* Exercise details
Please reproduce the data exactly and omit the pictures.

* Collected material

============================================================

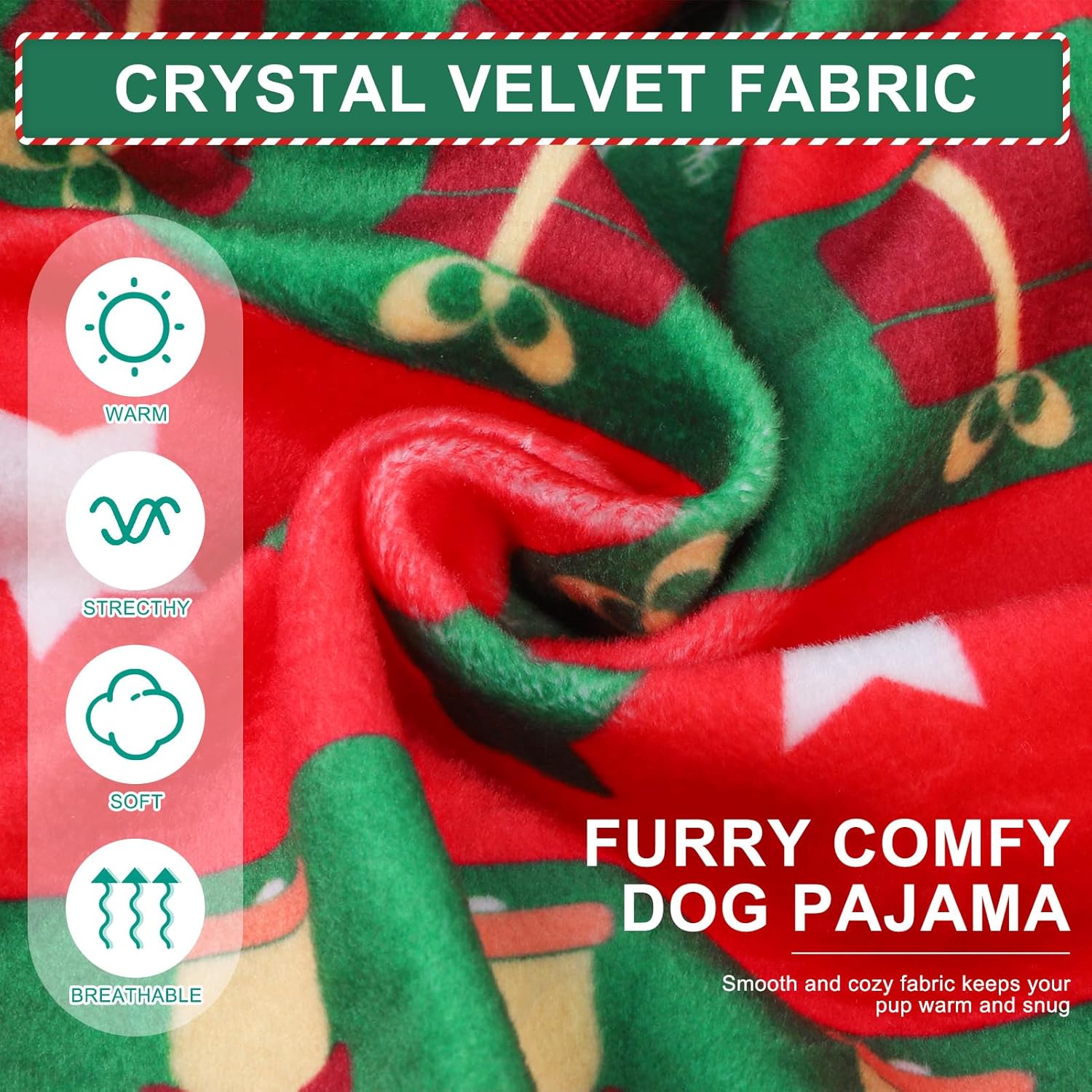 • High-quality Material: Our dog pajama use premium crystal velvet fabric that is soft, comfortable, and non-irritating, giving your pet the ultimate comfort. At the same time, this fabric has excellent insulation properties, effectively blocking out cold air and providing a warm environment for your pet.
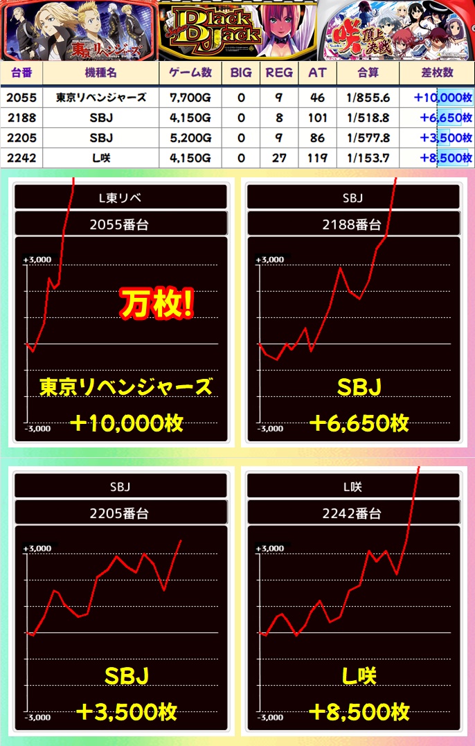 単品では東リべに万枚突破台があったほか、L咲から+8,000枚オーバーが、SBJに+3,000枚&+6,000枚オーバー台があったりと、様々な機種で優秀台を確認。メインどころから少台数機種まで幅広くチャンスのある1日になっていました。
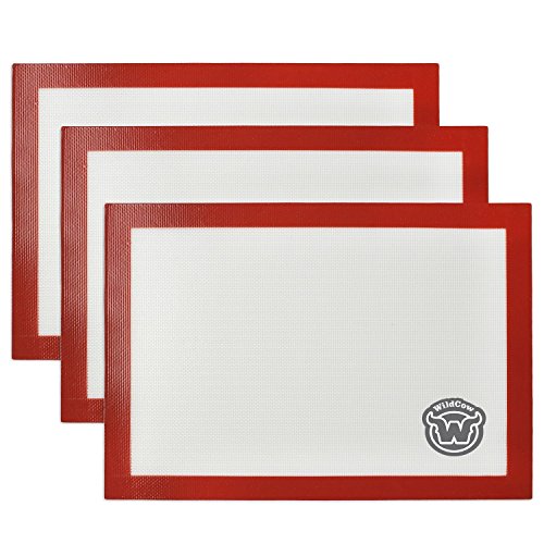 WildCow Silicone Baking Mats - Set of 3 Half Sheet (Large & Thick 16.5 x 11.6 inches) Nonstick Pastry Liners for Bake Pans (Heat Resistant)
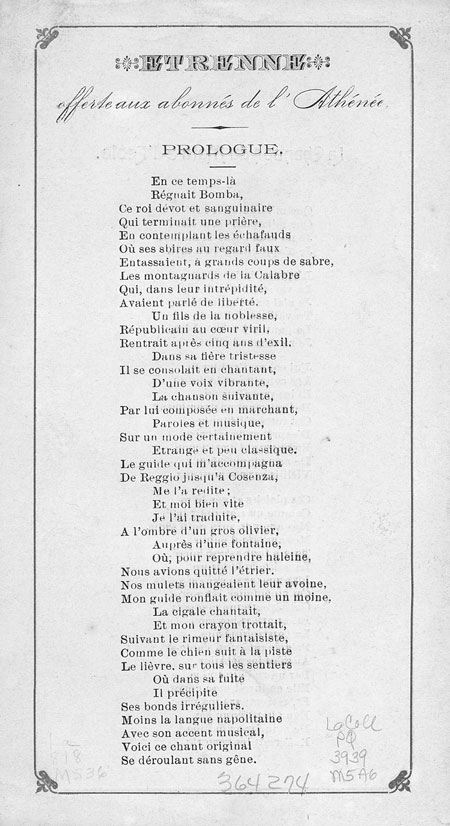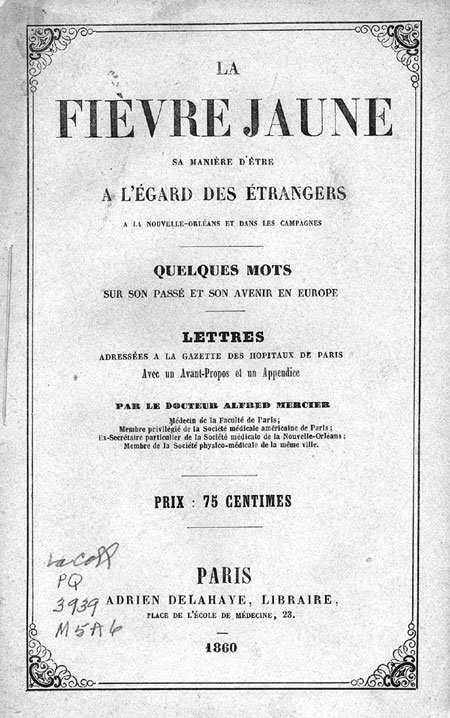 Alfred Mercier was born in Louisiana in 1816. His family, immigrants to Louisiana from South-West France, sent him to Paris at a very young age for his education. While he attended the prestigious Collège Louis le Grand and then went on to law school, he felt a greater love for literature than for the law. After several years spent in Louisiana and Boston, Mercier left in 1842 for a grand tour of Europe. His five-month stay in Italy and Sicily provided him with the inspiration for a novel he would publish in 1873, Le Fou de Palerme (The Fool of Palermo). During the 1848 Revolution in France, he contributed articles to Louisiana newspapers about the events leading to the crowning of Napoleon III. He also married the daughter of the owner of his boarding house after a long and serious illness from which she helped him to recover. At 33, Mercier began his medical studies in Paris. After graduating, he moved his family back to New Orleans where he established his medical practice. During the Civil War Mercier returned to Paris and played an important part in efforts to convince France to support the Confederacy. Back in New Orleans again after the war, Mercier wrote reviews of performances given at the French Opera House for the New Orleans Picayune. A great lover of literature, Mercier spoke several languages and devoted himself to the preservation of the French language in Louisiana. He was a founding member of L'Athénée louisianais, and served as the organization’s secretary and treasurer until his death. In an article entitled "Progrès de la langue française" ("Progress of the French Language"), published in Les Comptes-Rendus de l'Athénée louisianais in September 1883, Mercier forecast the extinction of Francophone New Orleans in this nostalgic yet visionary prediction:

============================================================

* Answer to this exercise
 • High-quality Material: Our dog pajama use premium crystal velvet fabric that is soft, comfortable, and non-irritating, giving your pet the ultimate comfort. At the same time, this fabric has excellent insulation properties, effectively blocking out cold air and providing a warm environment for your pet.
 単品では東リべに万枚突破台があったほか、L咲から+8,000枚オーバーが、SBJに+3,000枚&+6,000枚オーバー台があったりと、様々な機種で優秀台を確認。メインどころから少台数機種まで幅広くチャンスのある1日になっていました。
 WildCow Silicone Baking Mats - Set of 3 Half Sheet (Large & Thick 16.5 x 11.6 inches) Nonstick Pastry Liners for Bake Pans (Heat Resistant)
 Alfred Mercier was born in Louisiana in 1816. His family, immigrants to Louisiana from South-West France, sent him to Paris at a very young age for his education. While he attended the prestigious Collège Louis le Grand and then went on to law school, he felt a greater love for literature than for the law. After several years spent in Louisiana and Boston, Mercier left in 1842 for a grand tour of Europe. His five-month stay in Italy and Sicily provided him with the inspiration for a novel he would publish in 1873, Le Fou de Palerme (The Fool of Palermo). During the 1848 Revolution in France, he contributed articles to Louisiana newspapers about the events leading to the crowning of Napoleon III. He also married the daughter of the owner of his boarding house after a long and serious illness from which she helped him to recover. At 33, Mercier began his medical studies in Paris. After graduating, he moved his family back to New Orleans where he established his medical practice. During the Civil War Mercier returned to Paris and played an important part in efforts to convince France to support the Confederacy. Back in New Orleans again after the war, Mercier wrote reviews of performances given at the French Opera House for the New Orleans Picayune. A great lover of literature, Mercier spoke several languages and devoted himself to the preservation of the French language in Louisiana. He was a founding member of L'Athénée louisianais, and served as the organization’s secretary and treasurer until his death. In an article entitled "Progrès de la langue française" ("Progress of the French Language"), published in Les Comptes-Rendus de l'Athénée louisianais in September 1883, Mercier forecast the extinction of Francophone New Orleans in this nostalgic yet visionary prediction:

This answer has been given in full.